● **WHAT NEEDS TO BE DONE**: Exclude pictures and give again exactly the lines of the listing, beginning with its first line and ending with the one that contains "- Mary Jane".
:: DATA FOR THIS TASK
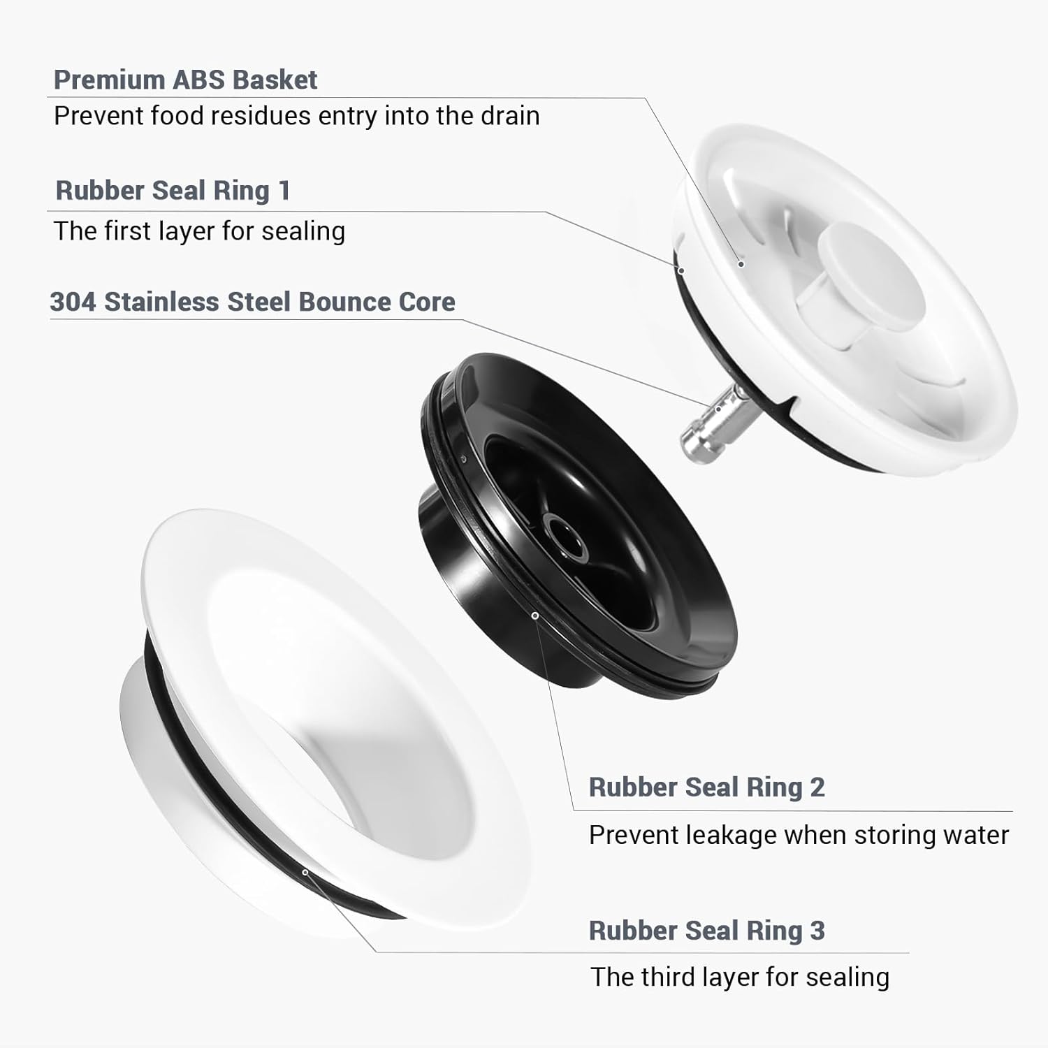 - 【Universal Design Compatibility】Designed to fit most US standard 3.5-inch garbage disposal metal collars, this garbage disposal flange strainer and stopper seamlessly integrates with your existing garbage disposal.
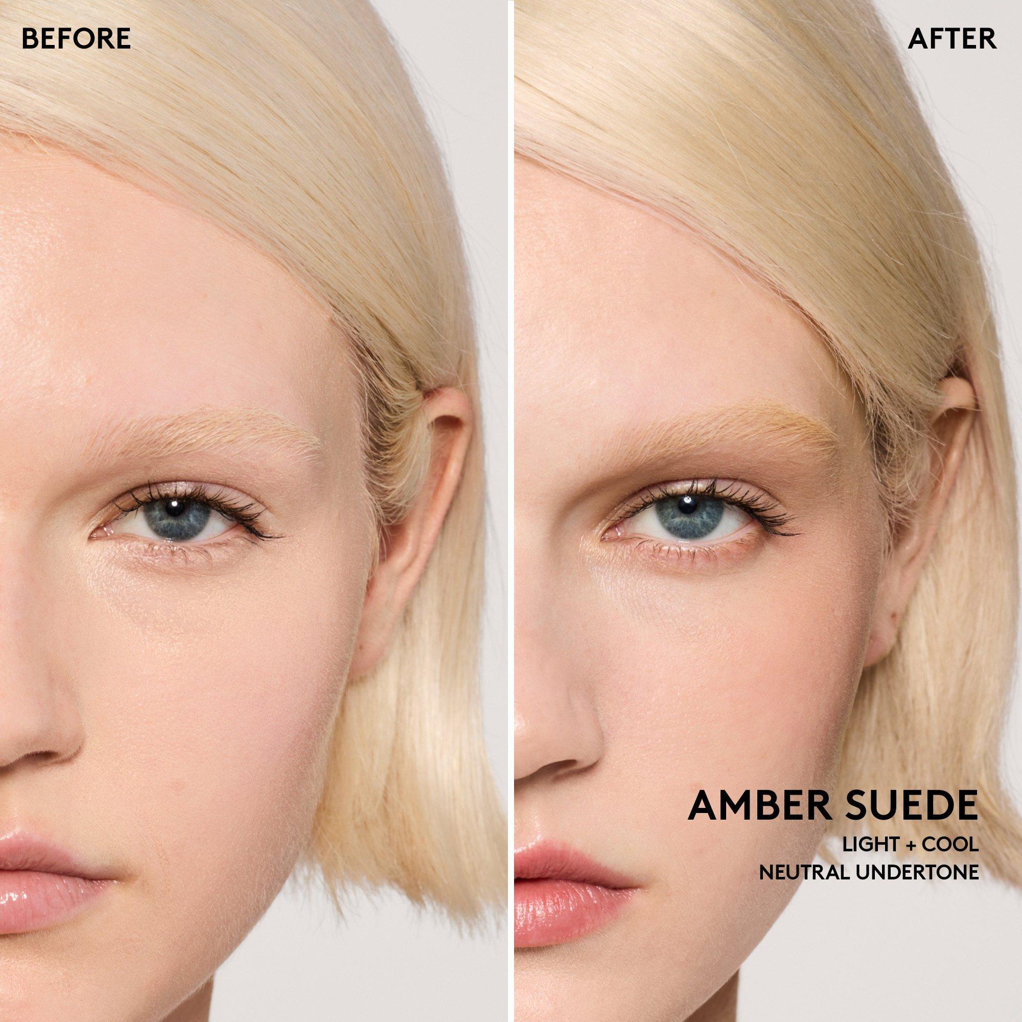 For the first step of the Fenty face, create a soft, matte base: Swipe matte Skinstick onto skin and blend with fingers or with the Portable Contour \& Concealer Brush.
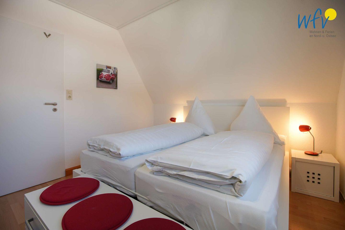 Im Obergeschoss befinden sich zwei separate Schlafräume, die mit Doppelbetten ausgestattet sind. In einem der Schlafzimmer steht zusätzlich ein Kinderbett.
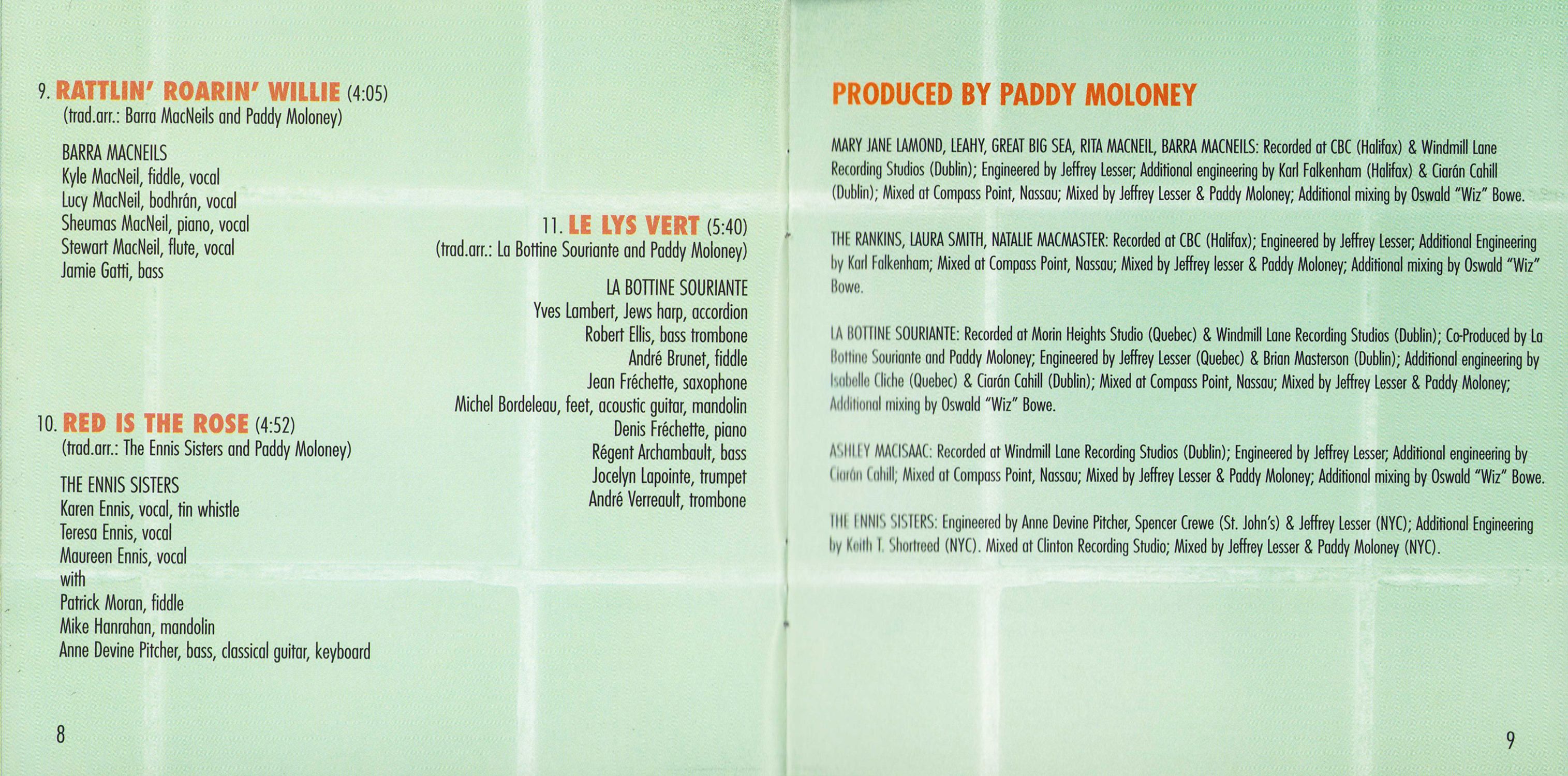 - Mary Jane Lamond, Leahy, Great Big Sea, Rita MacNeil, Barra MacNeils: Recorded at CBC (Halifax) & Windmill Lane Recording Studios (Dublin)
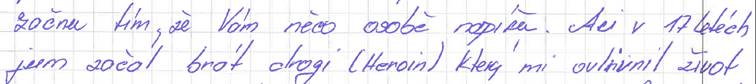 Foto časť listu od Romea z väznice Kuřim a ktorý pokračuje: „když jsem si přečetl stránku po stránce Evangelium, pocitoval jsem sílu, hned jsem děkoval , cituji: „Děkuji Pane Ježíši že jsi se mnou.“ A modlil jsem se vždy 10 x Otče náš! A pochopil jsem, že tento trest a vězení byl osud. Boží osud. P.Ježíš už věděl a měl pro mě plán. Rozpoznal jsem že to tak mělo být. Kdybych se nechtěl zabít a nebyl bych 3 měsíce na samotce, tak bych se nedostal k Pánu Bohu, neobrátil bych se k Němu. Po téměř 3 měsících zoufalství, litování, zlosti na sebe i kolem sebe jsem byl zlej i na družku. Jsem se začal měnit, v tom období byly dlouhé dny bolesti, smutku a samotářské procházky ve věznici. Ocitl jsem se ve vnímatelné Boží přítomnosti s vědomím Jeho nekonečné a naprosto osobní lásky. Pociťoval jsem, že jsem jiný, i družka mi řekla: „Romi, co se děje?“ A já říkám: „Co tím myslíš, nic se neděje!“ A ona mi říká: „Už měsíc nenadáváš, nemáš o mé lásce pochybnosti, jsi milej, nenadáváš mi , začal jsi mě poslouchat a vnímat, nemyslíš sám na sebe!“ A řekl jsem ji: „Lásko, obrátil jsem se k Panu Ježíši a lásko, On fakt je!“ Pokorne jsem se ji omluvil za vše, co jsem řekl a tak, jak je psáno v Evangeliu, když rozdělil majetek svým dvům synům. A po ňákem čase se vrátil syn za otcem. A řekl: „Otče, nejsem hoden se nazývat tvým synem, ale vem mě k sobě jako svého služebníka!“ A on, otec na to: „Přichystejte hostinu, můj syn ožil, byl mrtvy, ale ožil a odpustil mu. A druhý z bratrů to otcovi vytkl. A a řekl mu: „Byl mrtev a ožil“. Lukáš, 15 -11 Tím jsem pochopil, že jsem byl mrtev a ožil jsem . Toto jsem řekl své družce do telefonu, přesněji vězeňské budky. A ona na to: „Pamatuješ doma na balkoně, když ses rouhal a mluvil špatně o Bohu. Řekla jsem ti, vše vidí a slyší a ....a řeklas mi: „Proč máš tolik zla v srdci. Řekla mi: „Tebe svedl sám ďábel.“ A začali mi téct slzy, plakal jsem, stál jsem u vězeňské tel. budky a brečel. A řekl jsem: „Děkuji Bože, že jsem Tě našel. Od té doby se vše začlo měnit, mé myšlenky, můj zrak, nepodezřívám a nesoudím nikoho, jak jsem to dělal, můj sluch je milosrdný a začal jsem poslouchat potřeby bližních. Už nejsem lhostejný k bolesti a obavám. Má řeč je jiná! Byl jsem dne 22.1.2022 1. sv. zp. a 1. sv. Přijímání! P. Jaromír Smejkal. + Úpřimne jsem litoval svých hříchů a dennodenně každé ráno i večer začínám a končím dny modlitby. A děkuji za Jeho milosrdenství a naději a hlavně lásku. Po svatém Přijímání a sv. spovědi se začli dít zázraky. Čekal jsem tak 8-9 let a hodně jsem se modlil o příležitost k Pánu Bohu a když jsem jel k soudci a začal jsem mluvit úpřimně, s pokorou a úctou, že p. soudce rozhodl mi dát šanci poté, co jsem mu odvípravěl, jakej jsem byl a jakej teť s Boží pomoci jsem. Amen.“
::::
● **OUTPUT FOR THIS TASK**:
 - 【Universal Design Compatibility】Designed to fit most US standard 3.5-inch garbage disposal metal collars, this garbage disposal flange strainer and stopper seamlessly integrates with your existing garbage disposal.
 For the first step of the Fenty face, create a soft, matte base: Swipe matte Skinstick onto skin and blend with fingers or with the Portable Contour \& Concealer Brush.
 Im Obergeschoss befinden sich zwei separate Schlafräume, die mit Doppelbetten ausgestattet sind. In einem der Schlafzimmer steht zusätzlich ein Kinderbett.
 - Mary Jane Lamond, Leahy, Great Big Sea, Rita MacNeil, Barra MacNeils: Recorded at CBC (Halifax) & Windmill Lane Recording Studios (Dublin)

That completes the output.